IX. Die Beschwerdeführerin beantragte die Aufhebung der angefochtene Entscheidung und den Widerruf des Patents.
Die Beschwerdegegnerin beantragte, die Beschwerde zurückzuweisen, hilfsweise die Beschwerde zurückzuweisen soweit sie sich gegen die Aufrechterhaltung des Patents auf der Grundlage der Patentansprüche 1 bis 7 gemäß dem in der mündlichen Verhandlung eingereichten Hilfsantrag I richtet.
1. Verspätetes Vorbringen
1.1. Offenkundige Vorbenutzung
Obwohl die Beschwerde aus anderen Gründen erfolgreich ist (Punkt 3), scheint im vorliegenden Fall eine Stellungnahme zum verspäteten Vortrag der offenkundigen Vorbenutzung angebracht.
1.1.1. Die Beschwerdeführerin gab an, sie habe darauf verzichtet, den Einspruch auf Material "über zahlreiche vorgenommene offenkundige Vorbenutzungen" zu stützen, weil sie der Überzeugung gewesen sei, daß der rechtzeitig geltend gemachte Stand der Technik dem Streitgegenstand eindeutig entgegenstehe. Darüber hinaus sei das Merkmal 1.7, wonach "der unmittelbar nachgeschaltete Tragluftbalken in einer Entfernung vom Walzenspalt der beiden Walzen angeordnet ist, die das 0,3- bis 1-fache des Walzendurchmessers beträgt", bis zum Zeitpunkt der mündlichen Verhandlung vor der Einspruchsabteilung von keiner Seite als besonders relevant angesehen worden.
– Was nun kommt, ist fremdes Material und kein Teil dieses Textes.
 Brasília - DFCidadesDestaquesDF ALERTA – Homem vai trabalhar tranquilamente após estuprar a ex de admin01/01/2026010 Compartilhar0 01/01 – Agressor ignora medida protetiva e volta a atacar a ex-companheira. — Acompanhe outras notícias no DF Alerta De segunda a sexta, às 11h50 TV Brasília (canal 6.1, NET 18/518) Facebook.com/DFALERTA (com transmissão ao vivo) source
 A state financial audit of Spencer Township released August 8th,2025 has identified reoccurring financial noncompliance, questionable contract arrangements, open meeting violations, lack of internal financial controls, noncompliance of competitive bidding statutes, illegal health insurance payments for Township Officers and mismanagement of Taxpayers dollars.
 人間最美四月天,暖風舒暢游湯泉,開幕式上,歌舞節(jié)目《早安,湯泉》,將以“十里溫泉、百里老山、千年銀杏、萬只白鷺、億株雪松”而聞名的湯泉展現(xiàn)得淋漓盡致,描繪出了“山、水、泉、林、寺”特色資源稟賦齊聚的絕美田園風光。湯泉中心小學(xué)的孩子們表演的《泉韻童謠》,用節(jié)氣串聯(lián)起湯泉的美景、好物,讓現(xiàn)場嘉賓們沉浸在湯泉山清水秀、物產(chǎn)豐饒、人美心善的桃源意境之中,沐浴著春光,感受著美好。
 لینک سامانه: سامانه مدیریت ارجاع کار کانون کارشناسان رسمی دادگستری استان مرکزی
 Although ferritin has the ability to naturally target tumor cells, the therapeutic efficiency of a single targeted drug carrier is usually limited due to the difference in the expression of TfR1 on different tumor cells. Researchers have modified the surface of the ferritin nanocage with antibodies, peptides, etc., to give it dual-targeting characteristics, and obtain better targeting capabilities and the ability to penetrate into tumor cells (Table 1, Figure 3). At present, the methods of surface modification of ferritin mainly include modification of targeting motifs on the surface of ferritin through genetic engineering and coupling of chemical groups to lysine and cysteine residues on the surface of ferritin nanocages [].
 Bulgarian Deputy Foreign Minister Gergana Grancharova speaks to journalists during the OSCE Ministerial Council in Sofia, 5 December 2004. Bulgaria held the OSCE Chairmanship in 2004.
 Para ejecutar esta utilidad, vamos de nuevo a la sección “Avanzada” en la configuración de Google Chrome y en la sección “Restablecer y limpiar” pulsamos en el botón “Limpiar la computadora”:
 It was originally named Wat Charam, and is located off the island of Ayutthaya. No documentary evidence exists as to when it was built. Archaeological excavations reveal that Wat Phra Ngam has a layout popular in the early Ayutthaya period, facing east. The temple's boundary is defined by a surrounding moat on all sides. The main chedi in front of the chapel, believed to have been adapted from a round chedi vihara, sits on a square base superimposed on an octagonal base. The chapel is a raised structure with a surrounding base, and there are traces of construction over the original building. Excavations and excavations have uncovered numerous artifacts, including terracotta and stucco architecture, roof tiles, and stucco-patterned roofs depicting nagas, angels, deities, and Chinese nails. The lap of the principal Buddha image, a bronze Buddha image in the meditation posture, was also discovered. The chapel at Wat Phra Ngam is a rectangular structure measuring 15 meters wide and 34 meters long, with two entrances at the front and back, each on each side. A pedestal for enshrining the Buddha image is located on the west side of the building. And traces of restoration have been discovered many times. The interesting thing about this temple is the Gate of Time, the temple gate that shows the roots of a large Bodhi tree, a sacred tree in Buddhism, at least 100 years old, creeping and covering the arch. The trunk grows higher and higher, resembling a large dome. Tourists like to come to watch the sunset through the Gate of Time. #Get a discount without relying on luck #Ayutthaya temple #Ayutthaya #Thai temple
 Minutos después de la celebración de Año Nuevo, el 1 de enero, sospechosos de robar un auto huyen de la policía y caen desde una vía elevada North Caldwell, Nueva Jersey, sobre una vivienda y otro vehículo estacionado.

Das Material über die offenkundigen Vorbenutzungen sei ihr daher als unnötige Belastung des Verfahrens erschienen.
1.1.2. Gemäß Artikel 114 (2) EPÜ liegt es im Ermessen der Beschwerdekammern verspätetes Vorbringen zu berück-sichtigen. Hierbei sind strenge Maßstäbe insbesondere dann anzuwenden, wenn es sich - wie im vorliegenden Fall - um eine offenkundige Vorbenutzung durch die Einspechende selbst handelt, und wenn die Einsprechende diesen Einwand ohne triftigen Grund erst nach Ablauf der Einspruchsfrist vorgebracht hat (vgl. Rechtsprechung der Beschwerdekammern des Europäischen Patentamts, 4. Auflage 2001, Kapitel VI. F. 3.1.4). In diesem Zusammenhang einschlägig sind die Kammerentscheidungen T 17/91 (unveröffentlicht im Abl. EPA) und T 534/89 (Abl. EPA, 1994, 464), in denen unter solchen Umständen der Einwand der offenkundigen Vorbenutzung - ungeachtet seiner möglichen Relevanz - als verfahrensmissbräuchlich nicht zugelassen worden ist.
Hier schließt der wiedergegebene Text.